XMP is not universal. Even if XMP SDK from Adobe is published as an open source like tarball, XMP support still optional as some distro drop this package officially because the license is not clear. I talk about Exiv2 library used to parse and edit Exif, Iptc, and XMP metadata.

So, not supporting Iptc is problematic for me.

Gilles Caulier

cgilles commented 5 years ago

Another point : if libheif team don't want to add IPTC support as well, how i can do it with libheif API as extra chuck to host in HEIF container ? Something like heif_context_add_extra_metadata() with a custom chunk data argument, and a string identifier for the chunk. The inverse method also will help.

fancycode commented 5 years ago

As @farindk mentioned above, there is no standardized way to store IPTC metadata in HEIF files. We surely could add something proprietary but that will not work with other apps supporting HEIF files. Instead it should be coordinated with the IPTC group to have a defined way to store this metadata that then can also be used by other apps.

farindk commented 5 years ago

We could indeed add an API to store and read custom boxes. It's not that easy because of handling the cross-references between boxes (e.g. indicating to which image some metadata belongs), but it can be done and would also allow to handle other cases (e.g. the Samsung S10 images from Jos).

Then, @cgilles is free to save anything in his proprietary way and cause trouble for his users :-)

The IPTC group is very closed, unfortunately. One has to be a paying member (4740 EUR/y) before they even start listening. So changes are low that we can just define THE standard way to save IPTC without a lot of bureaucracy.

fancycode commented 5 years ago

The IPTC group is very closed, unfortunately.

I'm assuming the ISO that defined the HEIF standard is not much better...

cgilles commented 5 years ago

yes, IPTC group is not open-source like team. Welcome in real world...

I know that ImageMagick as add IPTC support to PNG by creating a non standard chunk well identified and well supported by all metadata low level framework, as Exiv2 or ExifTool.

There is also one other way to host IPTC in HEIF : Exif. Standard Exif has a tags to host IPTC byte array as well. This will grow the Exif chuck of course and make exif incompatible with other file format in case of conversion if no rues is written to guard exif chuck. JPEG for ex, only support a chunk of 65535 bytes. I seen ImageMagick code to limit HEIF writing chunk to this size to prevent compatibility issue.
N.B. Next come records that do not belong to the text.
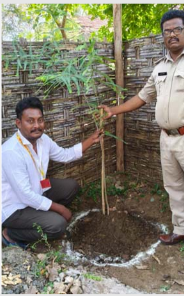
ప్రపంచ పర్యావరణ దినోత్సవాన్ని పురస్కరించుకుని ప్రతి ఒక్కరూ కనీసం ఒక మొక్కను నాటాలని పిలుపునిచ్చారు. పాఠశాలలు, కళాశాలలు, ఆస్పత్రులు, బస్స్టాప్లు తదితర ప్రదేశాల్లో మొక్కలు నాటి వాటిని సంరక్షించాలని సూచించారు. మొక్క పెంపకం ద్వారా ఆక్సిజన్ స్థాయిలు పెరిగి, పర్యావరణ సమతుల్యత కాపాడబడుతుందని వివరించారు. కూనవరం గ్రామంలో నిర్వహించిన ఈ కార్యక్రమంలో స్థానిక నాయకులు, గ్రామస్తులు, యువత పాల్గొని మొక్కలు నాటి పర్యావరణ పరిరక్షణకు తమ వంతు సహకారం అందించారు. "ఒక్కొక్కరం ఒక మొక్క నాటితే భవిష్యత్ తరాలకు వచ్చని ప్రకృతిని అందించగలుగుతాం" అని వారు పేర్కొన్నారు.
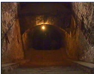
Închisoarea comunistă Jilava. Intrarea spre celulele subterane.

Nu vă putem spune cuvintele formale obișnuite „Crăciun fericit”, deoarece știm despre crime asupra creștinilor care au loc în țările comuniste și despre planificarea crimelor în masă în întreaga lume. Acum, când aduci bucurie copiilor din jurul tău, iată ce a publicat chiar și o revistă sovietică comunistă ateistă pentru a combate educația religioasă pe care părinții creștini o oferă copiilor lor în perioada comunismului. Editorul îi batjocorește pe părinții credincioși, dar este obligat să publice o mărturie uimitoare despre copiii creștini ruși care sfidează învățătura comunistă și atee. Astfel, Nauka I Religia din iulie 1969 nu poate explica ce a spus Yuri, un băiat de 12 ani: „În rugăciunile mele, îi cer lui Dumnezeu să-mi dea putere să lupt cu cei care sunt împotriva lui Dumnezeu. Trebuie să ne luptăm cu ei nu cu sabia, ci cu Biblia.” Un alt băiat de aceeași vârstă spune: „Îl rog pe Dumnezeu să-mi ierte păcatele, să mă întărească și să nu existe rău în mine”.
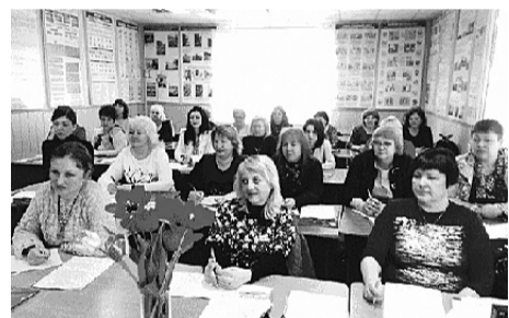
Під час семінару-наради...
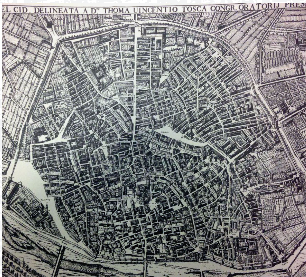
Mapa de Valencia del Padre Tosca (1704)

Por eso torció el gesto cuando, paseando por la galería del Palacio del Real a la espera de que le recibiera el virrey, vio cómo el carruaje del arzobispo cruzaba a toda velocidad bajo el portal mayor de la torre de los Ángeles, que marcaba la inconfundible silueta de la fortificación regia.»

Q : which are the size limit of an HEIF chunk exactly ?

Gilles Caulier

farindk commented 5 years ago

There is no practical limit on the HEIF box size (64bit length). I know that JPEG APP chunks are <64k, but data can be distributed over several consecutive chunks.
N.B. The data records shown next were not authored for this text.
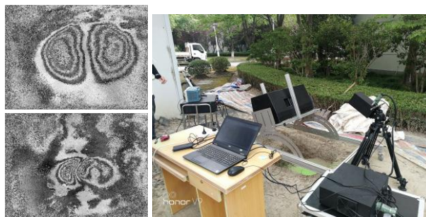
地雷声光融合成像
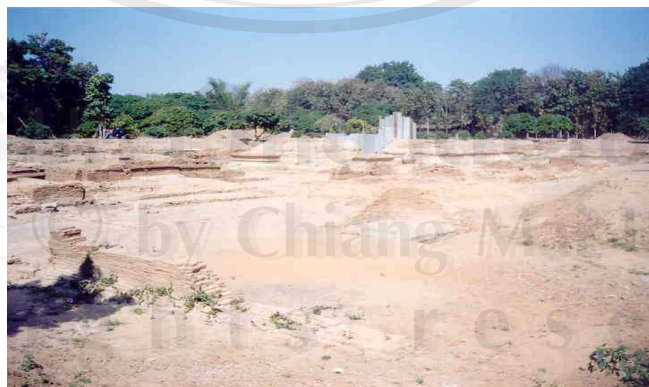
ภาพที่ 4.10 วัดหนานช้าง

ชื่อเรียกวัดหนานช้างนั้นตั้งตามชื่อของเจ้าของที่ดิน โดยวัดหนานช้างสร้างขึ้นที่หลังเมืองเชียงใหม่ วัดนี้ใช้งานอยู่มาจนถึงหลัง พ.ศ. 2168 แล้วค่อยๆ ถูกทิ้งร้างก่อนที่น้ำจะท่วมในเวลาต่อมา (ภาพที่ 4.10)
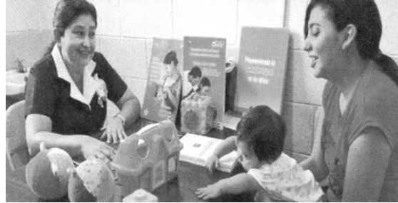
Vroege ontwikkeling van kinderen helpt tegen armoede in El Salvador
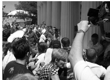
Напад на українських моряків, 5 липня 2008 р..

з ініціативи міської організації ВУТ «Просвіта» замість радянської символіки було встановлено державний герб України.
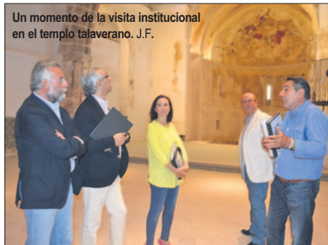
Un momento de la visita institucional en el templo talaverano. J.F.

Las pinturas murales datan del siglo XIII y muestran un Pantocrátor incluido en una Mandorla, con dos ángeles en cada lateral.
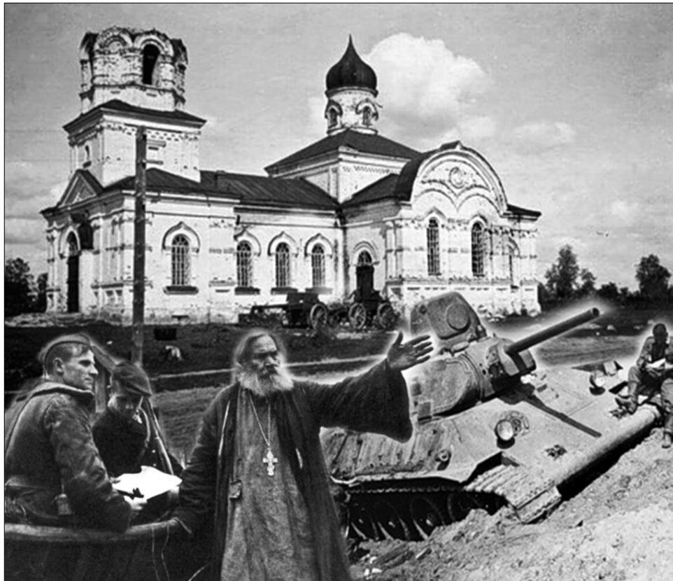
Колаж Наталі Спінкноі

На вчерашнем концерте Варвара отступила от программы. Ей очень захотелось спеть про неразделенную любовь, про надежду, страдания и свет в душе. Все это посвящалось майору, который единственный в целом мире понял ее. И вот она уезжает, а его завтра, возможно, убьют. Грузовики дружно увозили артистов с передовой, а душа ныла, и чем дальше, тем невыносимее. В конце концов, в жизни Вар-

@cgilles: as you probably have more experience with IPTC than me, could you make a proposal how such a chunk could look like? Preferably, we should be as close as possible to the PNG chunk format. However, I did a quick search for any spec for IPTC in PNG and also could not find anything.

We have a partner company that is using HEIF and IPTC on a large scale. I'll also ask them about their opinion.

farindk commented 5 years ago

I did some more searching about IPTC (IIM) vs. XMP, and it seems that XMP superseeded the IIM stream format (e.g. see here https://en.wikipedia.org/wiki/IPTC_Information_Interchange_Model).

It appears that for other formats, software had to make sure to keep IIM and XMP in sync. However, with a new format like HEIF, I do not think it is wise to keep the old IIM stream simply because it is easy to just copy it over from JPEG. Instead it should be converted to XMP. If there is any information that would be lost during this conversion, we have to think about it, but so far, I did not see a convincing case.

There seems to be a guideline document about how different sources of metadata (EXIF, XMP, IPTC) should be handled, but the server is currently down: http://www.metadataworkinggroup.org/pdf/mwg_guidance.pdf

Here is the IIM standard and the mapping to XMP: https://iptc.org/standards/iim/

fancycode commented 5 years ago

So the solution would be to support XMP metadata (which we already do afaik) and have a small wrapper that can convert between IPTC and XMP? That wrapper wouldn't even have to be part of libheif and maybe there is existing code.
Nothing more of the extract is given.